What have we learned? We've found that the linear estimator of $Y$ that minimizes the mean-squared error can be found through some simple linear algebra using the covariance matrix of $X$ and the vector of correlations between $X$ and $Y$.
Let's look at that again, but from the point of view of data. Now suppose we have a vector of reponses $y = (y_1, \ldots, y_n)$ and a matrix of predictors $X = (x_1, \ldots, x_n)$, where $x_i = (x_{i1}, \ldots, x_{ik})$ is the $i^\text{th}$ row of $X$. Think of $X$ and $y$ as training data, and we want to know how we can best predict (future) $y$ using the corresponding (future) values of $x$. One way to answer this is to ask: what are the coefficients $a = (a_1, \ldots, a_k)$ for which $$ \hat y_i = a_1 x_{i1} + \cdots a_k x_{ik} $$ best predicts $y_i$ in our training data?
One way to answer this question is by finding the $a$ that minimizes $$ M(a) = \sum_{i=1}^n (y_i - \hat y_i)^2 $$ ... which, divided by $n$, is the mean squared error.
Writing this out in vector notation, this is $M(a) = (y - \hat y)^T (y - \hat y)$, and since $\hat y = X a$, $$\begin{aligned} M(a) &= y^T y - 2 a^T X^T y + a^T X^T X a . \end{aligned}$$ So, $$\begin{aligned} \frac{d}{da} M(a) &=
- 2 X^T y + 2 X^T X a ,
\end{aligned}$$ and the value of $a$ that makes this zero is $$ a = (X^T X)^{-1} X^T y . $$ Note the similarity to the previous theory.
(switch to the elephant example)
Let's see how to do the same thing using a package, scikit-learn.
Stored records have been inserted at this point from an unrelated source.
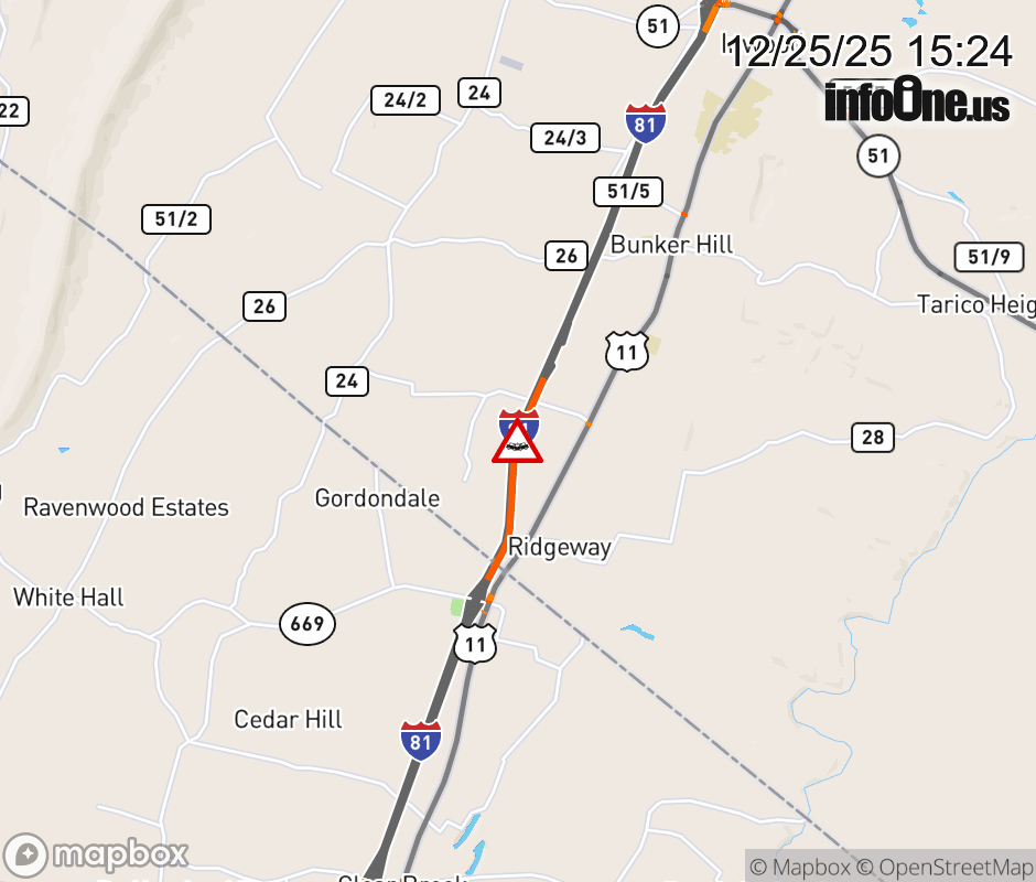 Vehicle Crash on I-81N at Mile Marker 1.0. The northbound right lane is closed. Updated: Thu 12/25/25 3:24 PM EST ![]() Updated: Thu 12/25/25 3:24 PM EST |
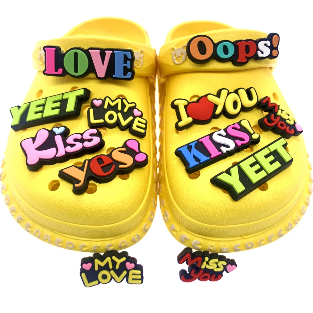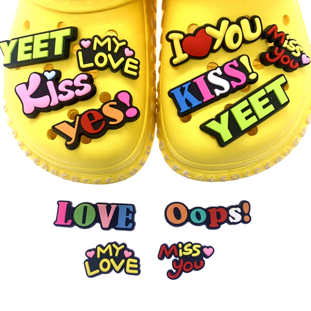 Оптовая продажа, 50 шт., оптовая продажа, смешанные силиконовые украшения для обуви, Мультяшные английские фразы, Кроксы, подвески, разноцветные буквы, аксессуары
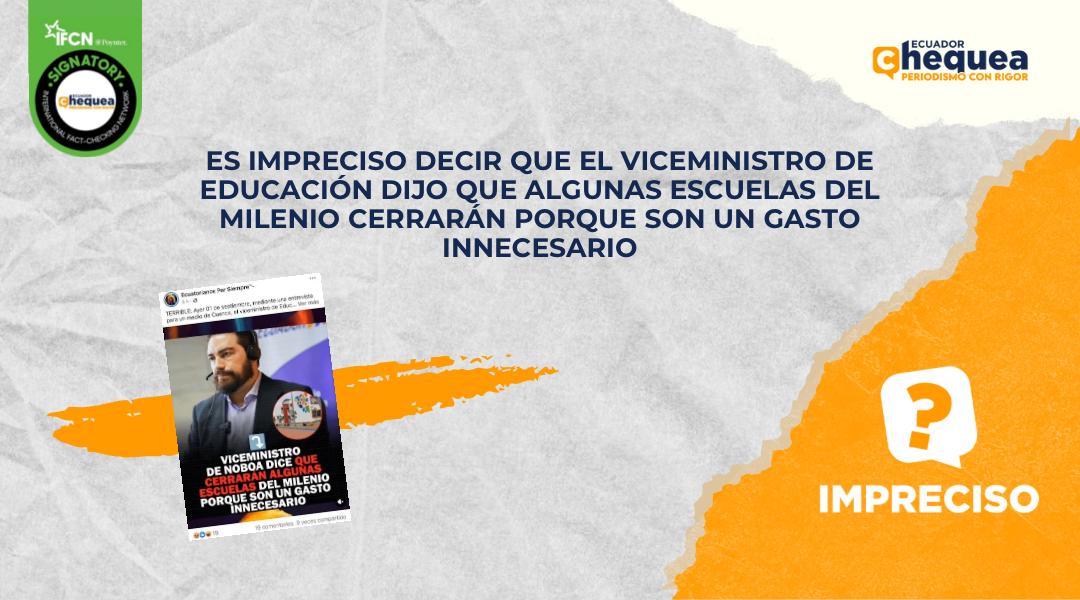 Al respecto, una publicación en Facebook asegura que el viceministro de Educación, Gustavo Ayala, habría dicho que algunas escuelas del milenio van a cerrar porque son un gasto innecesario. Se califica este contenido como impreciso. El Viceministro de Educación sí dio esa declaración ayer en la inauguración del año escolar que se realizó en la Unidad Educativa César Dávila Andrade, en Cuenca. Ayala aseguró que algunas escuelas del milenio serán rehabilitadas, mientras otras cerrarán, porque fueron, tal vez, un gasto innecesario para el país y hoy están enfocados en otro tipo de escuelas. La nueva estrategia busca priorizar instituciones pequeñas y cercanas a las comunidades rurales, para mejorar el acceso y la calidad educativa en todo el país.
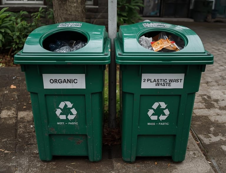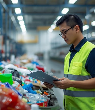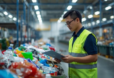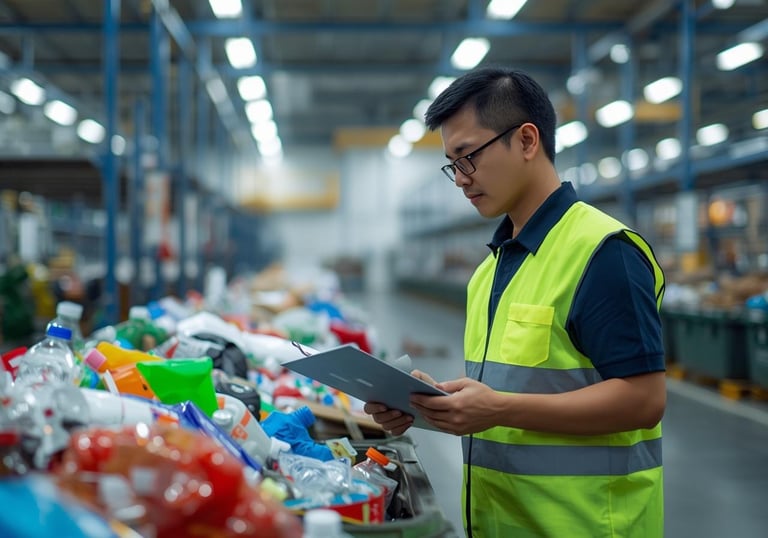 Pengelolaan material seperti PET, HDPE, PP, LDPE, pemilahan yang rapi.

First, we'll simulate up some simple data:
n = 200
k = 2
x = rng.uniform(size=(n, k))
beta = [10, -2]
y = x.dot(beta) + rng.normal(size=n)
fig, (ax1, ax2) = plt.subplots(1, 2)
ax1.scatter(x[:,0], y); ax1.set_xlabel(f"x0"); ax1.set_ylabel("y")
ax2.scatter(x[:,1], y); ax2.set_xlabel(f"x1"); ax2.set_ylabel("y");
from sklearn import linear_model
line_reg = linear_model.LinearRegression(fit_intercept=True)
line_reg.fit(x, y)
line_reg.coef_
array([ 9.54442251, -1.79347923])
y_hat = line_reg.predict(x)
fig, (ax1, ax2) = plt.subplots(1, 2)
ax1.scatter(x[:,0], y); ax1.set_xlabel(f"x0"); ax1.set_ylabel("y")
ax2.scatter(x[:,1], y); ax2.set_xlabel(f"x1"); ax2.set_ylabel("y")
ax1.scatter(x[:,0], y_hat); ax2.scatter(x[:,1], y_hat);